Всю ночь шел снег — хотелось надеяться, что в последний раз этой зимой, — и теперь мусор и кучи шлака припорошило свежей белизной. Утро обещало быть превосходным.

Она перекинула через плечо свое боа, взяла виолончель, настроила и заиграла. Собака встала, потянулась, обошла вокруг нее и плюхнулась на свою мягкую подушку. Дом наполнился музыкой.

Софи играла все, что ей хотелось, быстро и медленно, радостно и грустно. Все шло хорошо, но вот сосредоточиться на музыке она так и не смогла. Вскоре ей стало скучно, а ведь ее друзья только-только уехали. Даже в мысли о появлении Грейсона было что-то заманчивое. А если говорить честно — даже очень заманчивое.

Ее внимание привлек стук. Взволнованная, она бросилась к входной двери и распахнула ее. И тут же похолодела, увидев Найлза Прескотта, стоявшего на плитах крыльца в шерстяном пальто ярко-бордового цвета, в синем с золотом шарфе и залихватски сдвинутом набекрень котелке на седых волосах. Он улыбался ей так, словно не было этих пяти лет и он пришел просто попить чаю.

Что нашла ее мать в этом человеке такого, что позволило ей ввести его в дом?

— Кажется, нам обоим известно, что ее здесь нет, — бросила она и хотела было закрыть дверь.

Он придержал дверь рукой, обтянутой в перчатку, и снисходительно усмехнулся:

— Ну-ну, Софи. Разве так разговаривают с другом дома?

— Не будем притворяться, будто мы с вами друзья, мистер Прескотт.

— Неужели вы все еще расстраиваетесь из-за вашего несостоявшегося дебюта?

Она вскипела от такой наглости.

— Расстраиваюсь? — Она старалась говорить небрежно. — Вы втерлись в нашу семью, воспользовались великодушием моей матери, обещали мне сольное выступление, а потом…

Больше она не в силах была говорить.

— Потом — что? Отдал дебют кому-то другому?

— Да, — бросила она. — Но это не все! — Он равнодушно пожал плечами.

— Я даю вам концерт теперь.

— И вы думаете, что этим вы все исправите?

— А разве нет? — Он смахнул пылинку с рукава, потом посмотрел на нее веселыми серыми глазами.

Она глубоко втянула воздух, ноздри у нее раздувались.

— Убирайтесь!

— Ну же, Софи.

— Я сказала — убирайтесь! Нам не о чем говорить.

— Ах, но я пришел не к вам, дорогая. Я пришел к мистеру Хоторну поговорить о вещице, именуемой контрактом, о котором вы так благоразумно просили.

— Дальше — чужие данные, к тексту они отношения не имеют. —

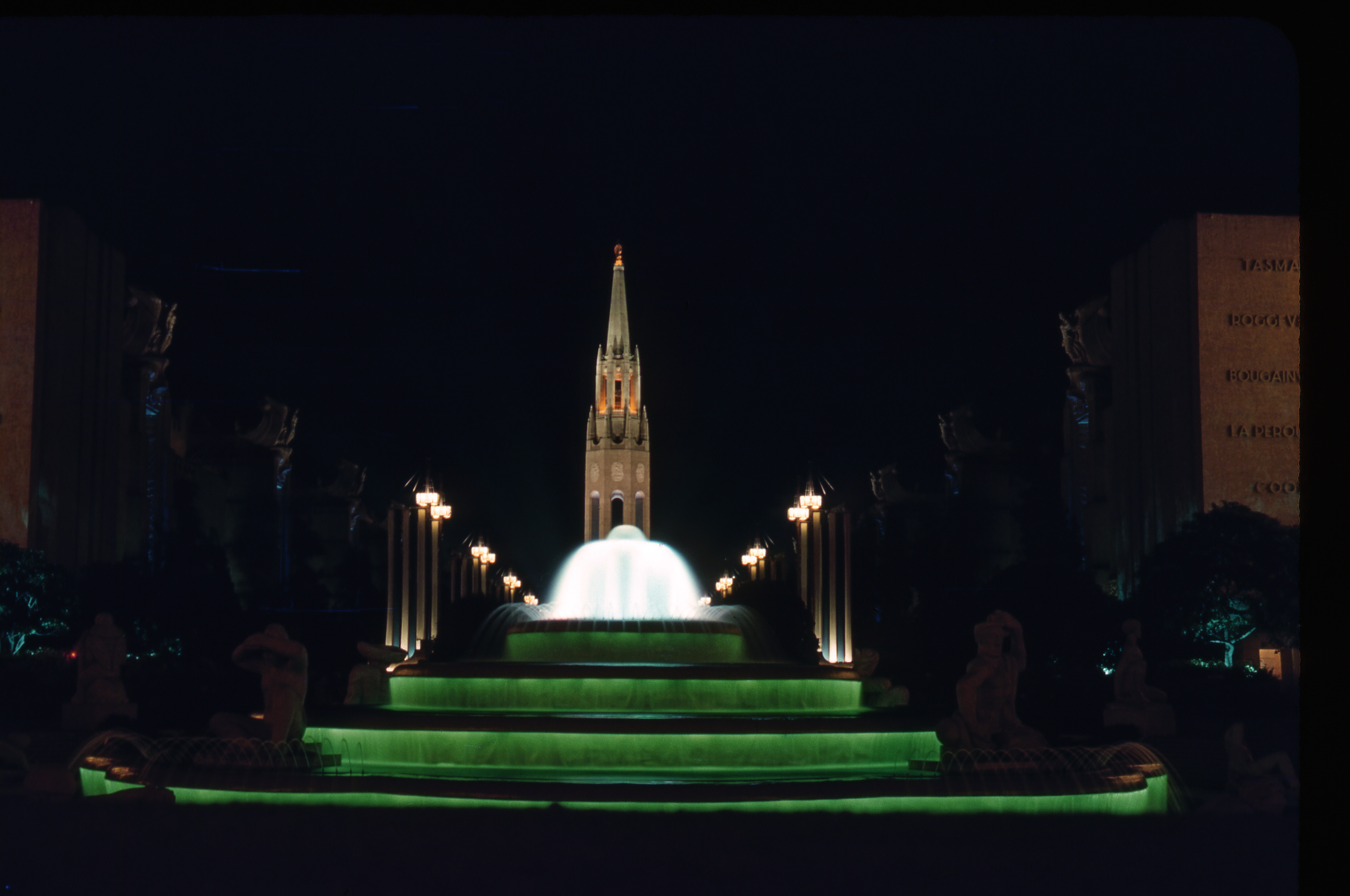 Gothic-esque, the Tower of the Sun epitomized the remix of architectural styles that characterized the fair. The tallest structure, it was billed as "a beacon to Pacific unity." At night the entire fair was lit up in a spectrum of colors. (Treasure Island Museum/Paul Totah, 1939)

И на который так глупо согласилась. Все закружилось перед ее глазами.

— Грейсона здесь нет. А теперь — до свидания.

И прежде чем он успел возразить, она захлопнула дверь, не обращая внимания на его просьбы.

Она бродила по комнатам, ожидая, когда он уйдет, и впервые пожалела, что не велела повесить замок. Заглянув в библиотеку, она вздрогнула. Действительно, что за ребячество — покрасить стены в красный цвет! Но благодаря этому она избавилась от Алтеи Пруитт.

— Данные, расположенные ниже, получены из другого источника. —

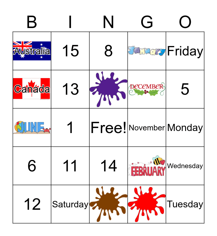 This bingo card has 21 images, a free space and 37 words: America, 11, Monday, Ireland, 15, Tuesday, Canada, 18, Wednesday, England, 20, Thursday, Australia, 1, Friday, 2, 3, 4, 5, 6, 7, 8, 9, 10, 12, 13, 14, 16, 17, 19, South Africa, May, November, October, September, Saturday and Sunday.

Собака ходила за ней по пятам. Когда в дверь перестали барабанить, Софи присела и крепко обняла собаку.

— Ты милейшее существо, Милаша. Пойдем, поищем чего-нибудь поесть.

Они отправились на кухню и обнаружили, что в буфете пусто. Удивляться тут было нечему. Когда Маргарет предложила перед отъездом пополнить припасы, Софи уже знала, что сумма, отложенная на питание, была почти целиком потрачена на билеты. Так что она изобразила на лице одну из своих прославленных улыбок и сказала, что в этом нет нужды. Но теперь она поняла, что ей придется как-то выходить из положения.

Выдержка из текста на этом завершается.